Belhadj-Tahar Hafid, Sadeg Nouredine
Groupe Santé Recherche, 35 rue Bernard de Ventadour, 31300 Toulouse, France.
Forensic Sci Int. 2005 Oct 4;153(1):99-101. doi: 10.1016/j.forsciint.2005.04.023.
Methcathinone, a methyl derivative of cathinone, is an illicit drug also known as ephedrone. It is a stimulant found in the "khat" plant, Catha edulis, which can easily be synthesized from pseudoephedrine. Its intoxication is difficult to diagnose and cure properly for two reasons: (i) target consumers are usually "well-educated people" aware of the risks and precautionary measures and (ii) intoxication by cathinone derivatives of synthetic or natural (derived from the khat) origin induce misleading symptoms. As a result, documented reports of methcathinone intoxication that are based on reliable analyses are rare. This paper describes a case of reiterated coma due to an overdose of methcathinone dissolved in alcohol that was taken with bromazepam. A 29-year-old woman was admitted to an emergency department for a coma of toxic origin. Medical files showed that it was her second such episode to occur that month. Moreover, the family indicated signs of depression, incoherent behaviour and intake of "amphetamine-like" drugs. Clinical examination revealed a Glasgow coma score of 9, symmetrical reactive pupils with mydriasis and no convulsions. The patient presented with rapid respirations and her blood pressure was 93/53 mmHg. The ionogram and the blood gas analyses were normal, while the blood alcohol level was 0.167 g/dL. Urinalysis revealed the presence of benzodiazepines and a high concentration of amphetamines (methcathinone: 17.24 mg/L, ephedrine: 11.60 mg/L and methylephedrine: 11.10 mg/L). In addition, serum analysis revealed bromazepam (8.89 mg/L), methcathinone (0.50 mg/L) and methylephedrine (0.19 mg/L). This case showed that the consumption of bromazepam and alcohol altered the typical clinical symptoms of cathinone derivative intoxication, namely hypertension and convulsions. Methylephedrine, an impurity resulting from the alkylation of a primary amine, can be considered a chemical tag indicating fraudulent synthetic origin of the drug. This case describes a documented example of new addictive behaviour of "well-educated" people involving the intake of methcathinone, a postindustrial psychostimulant intentionally combined with an anticonvulsant benzodiazepine. However, this specific case suggests that in spite of a very high bromazepam concentration in presence of the potentiator alcohol, the vital respiratory function would be probably maintained, thanks to the association with methcathinone.

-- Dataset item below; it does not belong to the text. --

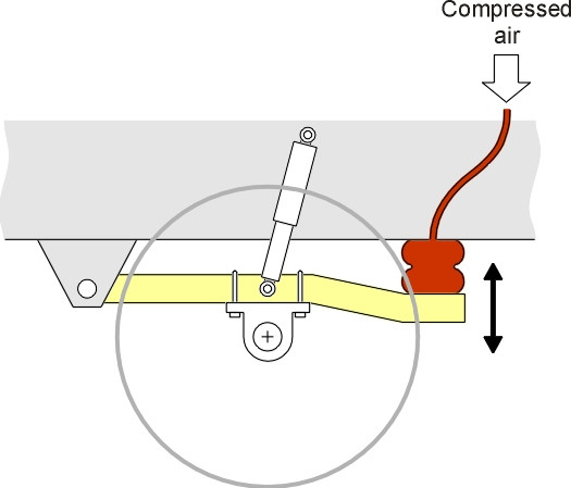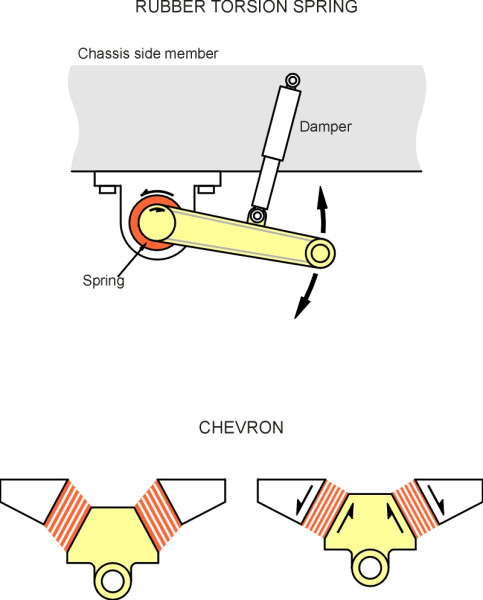 Today there is a wide variety of materials to choose from, including rubber (figure 7) and compressed air (figure 8). Rubber springs are used on road vehicles of all kinds, and less often, on railway bogies. They are light and compact, which is helpful particularly in the restricted space underneath the wheel arch of a small car (Section C1405). Air springs are used on heavy lorries and railway passenger trains.

甲卡西酮是卡西酮的甲基衍生物,是一种非法药物,也被称为麻黄酮。它是一种在巧茶(Catha edulis)植物中发现的兴奋剂,可轻易由伪麻黄碱合成。其中毒难以正确诊断和治疗,原因有二:(i)目标消费者通常是“受过良好教育的人”,他们了解风险和预防措施;(ii)合成或天然(源自巧茶)来源的卡西酮衍生物中毒会引发误导性症状。因此,基于可靠分析的甲卡西酮中毒的文献报道很少。本文描述了一例因过量服用溶于酒精并与溴马西泮一起服用的甲卡西酮而反复昏迷的病例。一名29岁女性因中毒性昏迷被送入急诊科。医疗档案显示这是她当月第二次出现此类情况。此外,家属指出有抑郁迹象、行为不连贯以及服用“安非他明类”药物。临床检查显示格拉斯哥昏迷评分为9分,双侧瞳孔反应性对称散大,无抽搐。患者呼吸急促,血压为93/53 mmHg。离子图和血气分析正常,而血液酒精水平为0.167 g/dL。尿液分析显示存在苯二氮䓬类药物以及高浓度的安非他明(甲卡西酮:17.24 mg/L,麻黄碱:11.60 mg/L,甲基麻黄碱:11.10 mg/L)。此外,血清分析显示有溴马西泮(8.89 mg/L)、甲卡西酮(0.50 mg/L)和甲基麻黄碱(0.19 mg/L)。该病例表明,服用溴马西泮和酒精改变了卡西酮衍生物中毒的典型临床症状,即高血压和抽搐。甲基麻黄碱是伯胺烷基化产生的杂质,可被视为表明该药物为欺诈性合成来源的化学标记。该病例描述了一个有记录的例子,即“受过良好教育”的人出现涉及服用甲卡西酮的新成瘾行为,甲卡西酮是一种后工业化精神兴奋剂,故意与抗惊厥苯二氮䓬类药物混合使用。然而,这个具体病例表明,尽管在有增效剂酒精存在的情况下溴马西泮浓度非常高,但由于与甲卡西酮联合使用,重要的呼吸功能可能会得以维持。